И подумал я: здесь небеса всегда. Здесь я приобрел привычку к небу. Там привык я к смерти. Тут привык к небесам. К их вечной незамутненности. Нет тут ни единой грозовой тучки, клочка напряженной мути, что вот-вот разрешиться свежим ливнем. Там – единое тело тел, тут – единая душа душ. А я где? Обшарил я все здешние пространства, обошел новый мой дворец. И вновь не нашел себя ни в единой комнате. Ну что ты будешь делать?

Там главы кончались вдруг. Здесь вытекали медленно и плавно. И так же неторопливо являлись следующие. Я уж услышал плавный шаг главы двадцать девятой. Но она не торопилась, хотя и не медлила. И вот что я увидел, взглянув с небес своих на землю: стоит в травах золотой трон. Сидит на нем человек, зовущийся Адамом. Тот, что давал имена ангелам, но ускользнули от него ангелы.

Сидит он, поигрывает скипетром. Там сияет алмаз чистейший. И сам он, как драгоценность, сложен из сверкающих камешков.

Глядел я с небес на Адама. Оттого глава двадцать девятая замешкалась и пока не дошла до меня.

Так вот, Адам. Как изделье ювелира, сложен он из разных камешков. И все они сверкают на солнце. Сам он неподвижен, словно и не жив. Но плещутся в ограненных камнях лучики. И кажется, будто живет он. Живет буйно, весь сверкает и переливается.

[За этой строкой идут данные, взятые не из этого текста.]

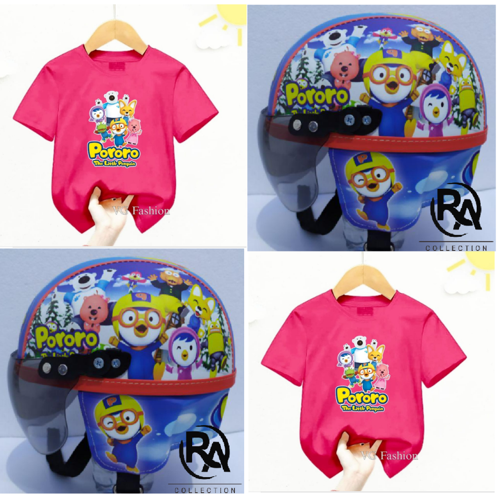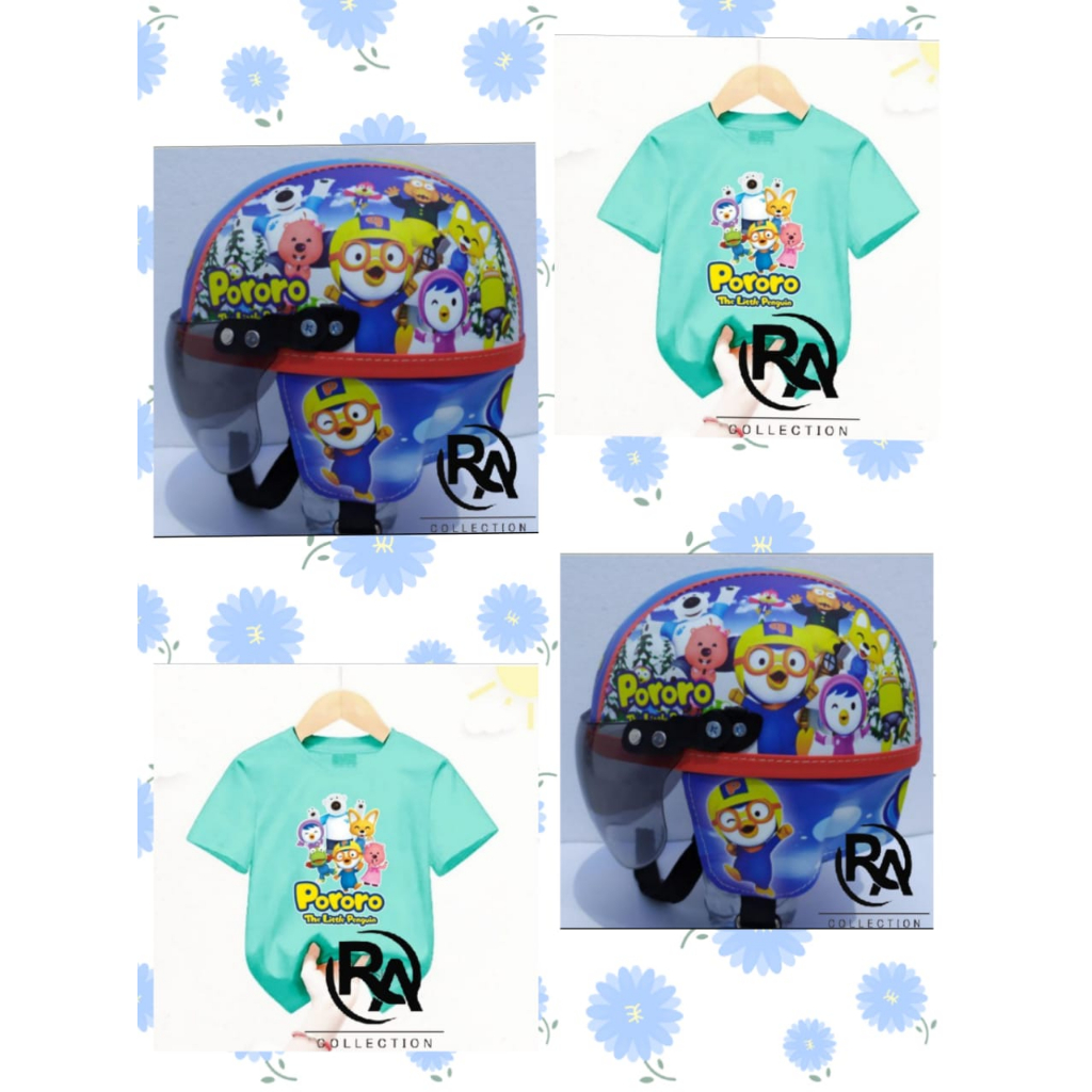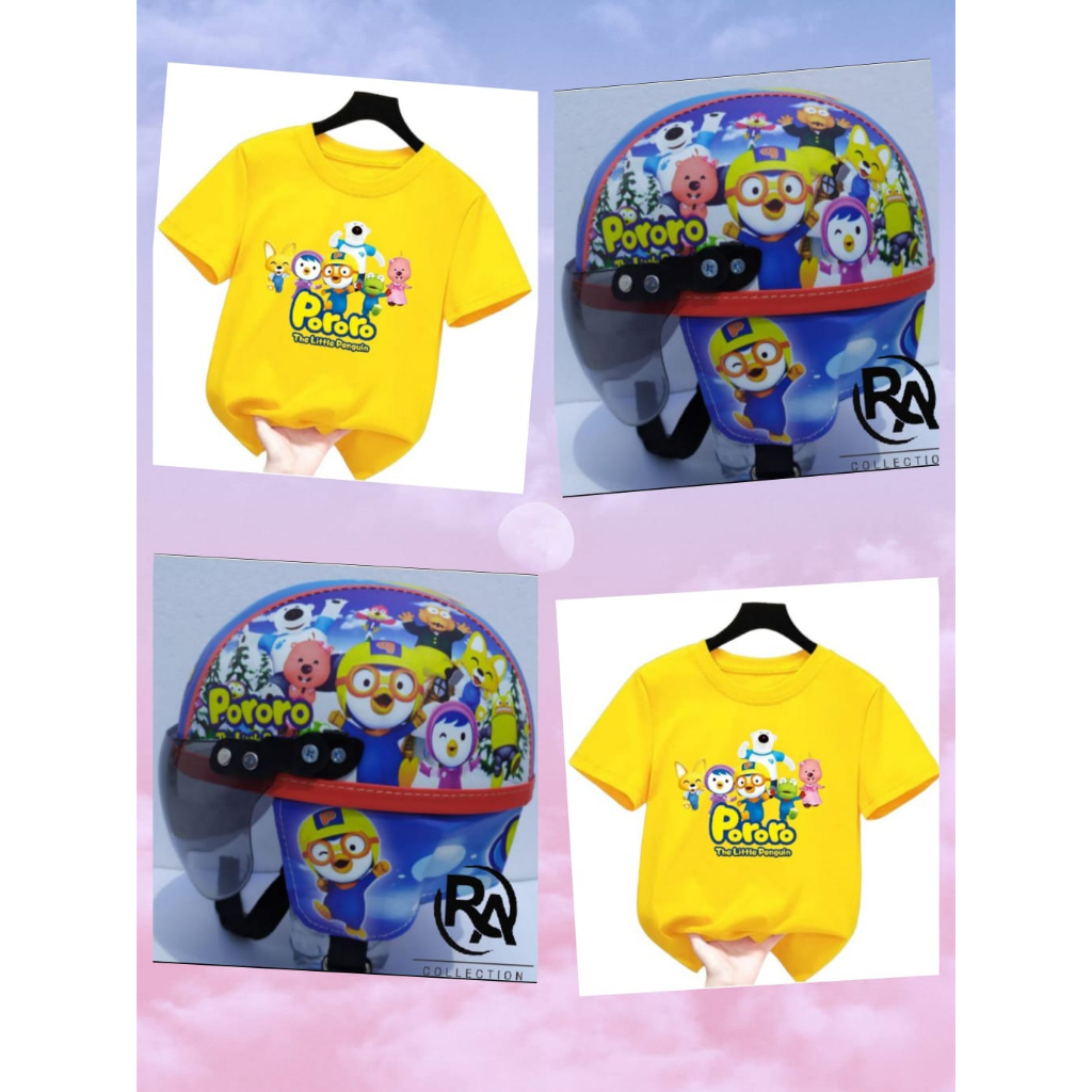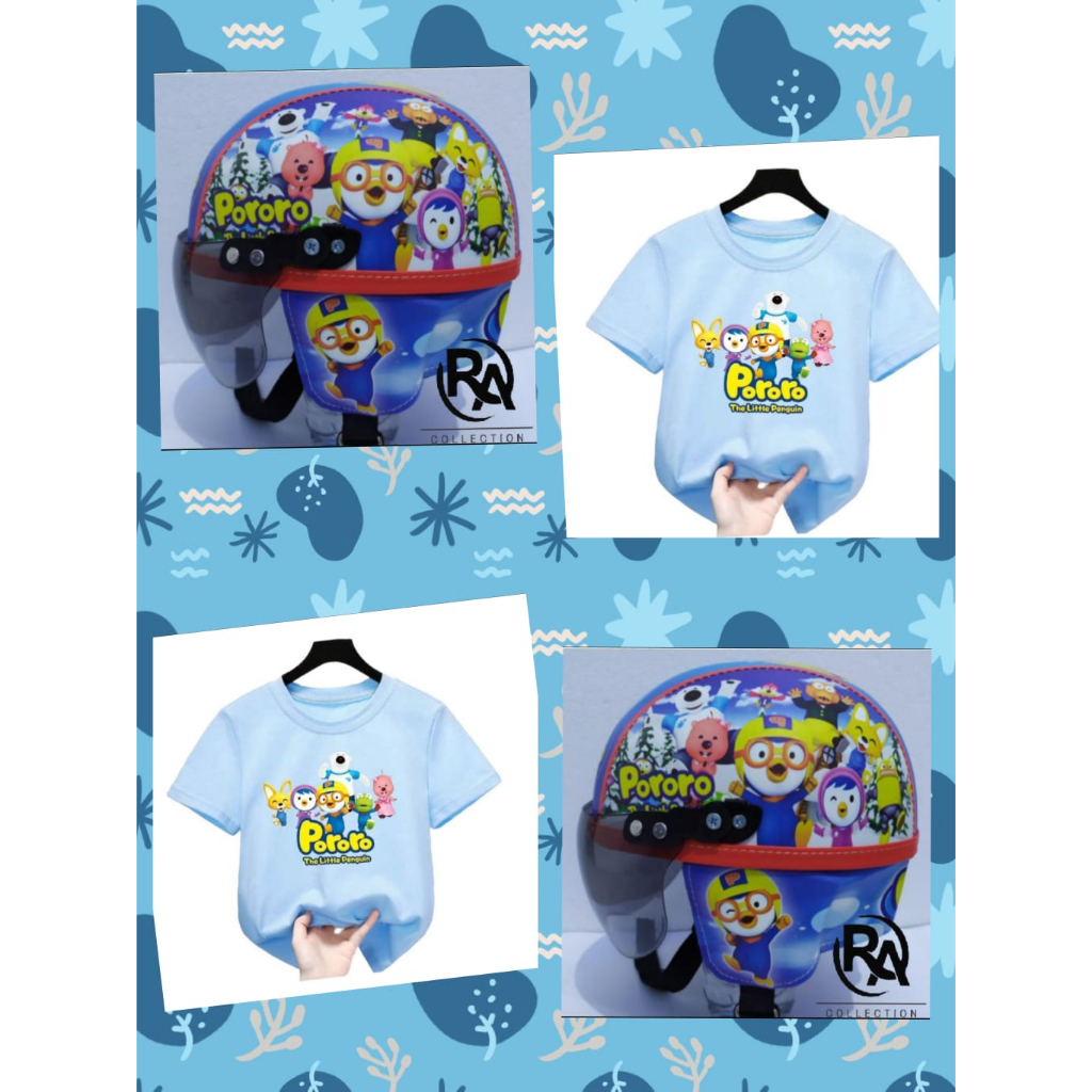 Paket Kaos Pororo & Helm Pororo Anak Bisa Untuk Usia Sampai 4 Tahun - Rafka Aulia Collection

Но стоит ведь встать Адаму со своего трона, как разрушится его искусная цельность. Рассыплется он кучей стекляшек. Его тело было не телесно, а как драгоценность и роскошь. Если встанет он со своего трона, то так он высок, что достанет небо макушкой. Но то будет миг один. Так, в ожидании другой главы, смотрел я на Адама. Но не дождавшись, крылья свои раскинул и полетел по пространствам. А кишели те пространства не только ангелами, а еще и снами их, и видениями. Те перелетали от одного к другому, как стаи голубков. Что было таить прозрачным ангелам, да и как утаишь? Тельце-то их – один воздух, все видны насквозь.

Слетались их видения в стайки, друг с другом переговаривались. Но не словами, а птичьим пересвистом. У самих-то ангелов нужды в друг друге не было, но, встречаясь в полете, мы приветствовали друг друга. А привет наш был всегда тот же: что, брат мой, спрашивали, хорош ли мир? И отвечал другой: дивно хорош, мой братец. А тот спрашивал: как спалось тебе, братец? А в ответ: вольно спалось и просторно. Витал я в высях, и мечта моя вилась со мной рядом. Так и летали мы с ней наперегонки. И первый говорил: ну, тогда прощай, братец. И улетал от него.

Но ангелы, надо сказать, не все были, как один, и не все, как люди. Иные были с птичьими суетливыми головками. Были, как крылатый лев, или, как бык с крыльями.

Хотел я еще сказать нечто, но закончилась эта глава. Началась другая.


Глава 29


И я сказал: я умер из смерти и взамен получил воздушную жизнь. Мой камень был сер и внутри, как снаружи. Тут же все многоцветно. Синь неба густа, трава зелена до боли в глазах, а цветы роскошны.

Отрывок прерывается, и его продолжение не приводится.